Hello, On Mon, 2021-02-01 at 18:03 +0100, Jiří Pavlovský wrote: > > > Thanks for the answer. > > > I don't think triggers or constraints are the issue. > > The exact same code works if I create a small test program with the > same > query and the same parameters. > > But when used in the context of the whole application it gives the > error. > > I don't know what should I try. I tried all possible combinations > of > parameters. > > I have just even tried to disable triggers and remove any constraints > from the table. Same error. > Columns:- maincontact boolean DEFAULT false, publdatacontact boolean DEFAULT false, invcontact boolean DEFAULT false, queries_recipient boolean, fakelastname boolean NOT NULL DEFAULT false, are defined as booleans and all except one have defaults declared, yet you are passing NULL's which the insert tries to cast to boolean. Maybe this is the cause of the error?? My 2 cents worth.

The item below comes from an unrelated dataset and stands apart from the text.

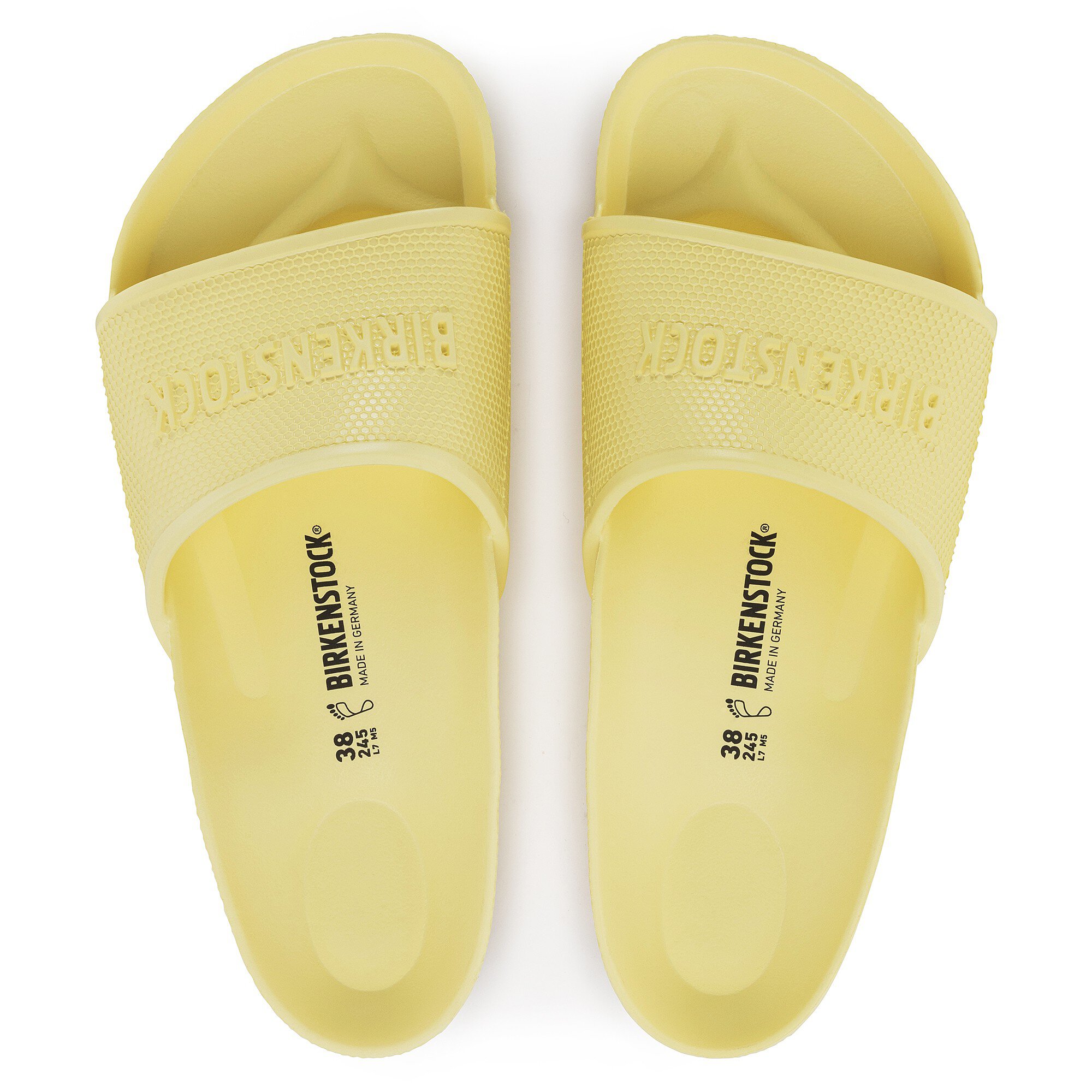 The BIRKENSTOCK Barbados is a sporty mule with a hexagon pattern and logo lettering. It’s perfect for anyone who is looking in particular for function and comfort. Modeled on the cork sandal, this sandal is made from especially light and flexible EVA. This high-quality, odor-neutral synthetic material which has been tested for harmful substances is shock-absorbent, waterproof, and skin-friendly. It’s therefore perfect for wearing at the beach, in the garden, or in wellness and spa areas.

rob stone <floriparob@gmail.com> writes: > Columns:- maincontact boolean DEFAULT false, > publdatacontact boolean DEFAULT false, > invcontact boolean DEFAULT false, > queries_recipient boolean, > fakelastname boolean NOT NULL DEFAULT false, > are defined as booleans and all except one have defaults declared, yet > you are passing NULL's which the insert tries to cast to boolean. > Maybe this is the cause of the error?? Oooh ... if we posit that the statement is expected to throw an error, maybe what this error is complaining about is an inability to translate a localized error message to the client's encoding. This could reflect an incorrectly-encoded .po file, for example. So what we need to know next is what lc_messages setting Jiří is using, and also the server and client encodings. regards, tom lane
On 02.02.2021 3:53, Tom Lane wrote: > rob stone <floriparob@gmail.com> writes: >> Columns:- maincontact boolean DEFAULT false, >> publdatacontact boolean DEFAULT false, >> invcontact boolean DEFAULT false, >> queries_recipient boolean, >> fakelastname boolean NOT NULL DEFAULT false, >> are defined as booleans and all except one have defaults declared, yet >> you are passing NULL's which the insert tries to cast to boolean. >> Maybe this is the cause of the error?? > Oooh ... if we posit that the statement is expected to throw an error, > maybe what this error is complaining about is an inability to translate > a localized error message to the client's encoding. This could reflect > an incorrectly-encoded .po file, for example. So what we need to know > next is what lc_messages setting Jiří is using, and also the server > and client encodings. Still, this does not explain why it sometimes work and why the byte sequence in the error message changes on every run, no? I'm getting the error even when I changes the boolean fields from NULL to FALSE. Client and server encoding is UTF8. Locales are set to C.UTF8.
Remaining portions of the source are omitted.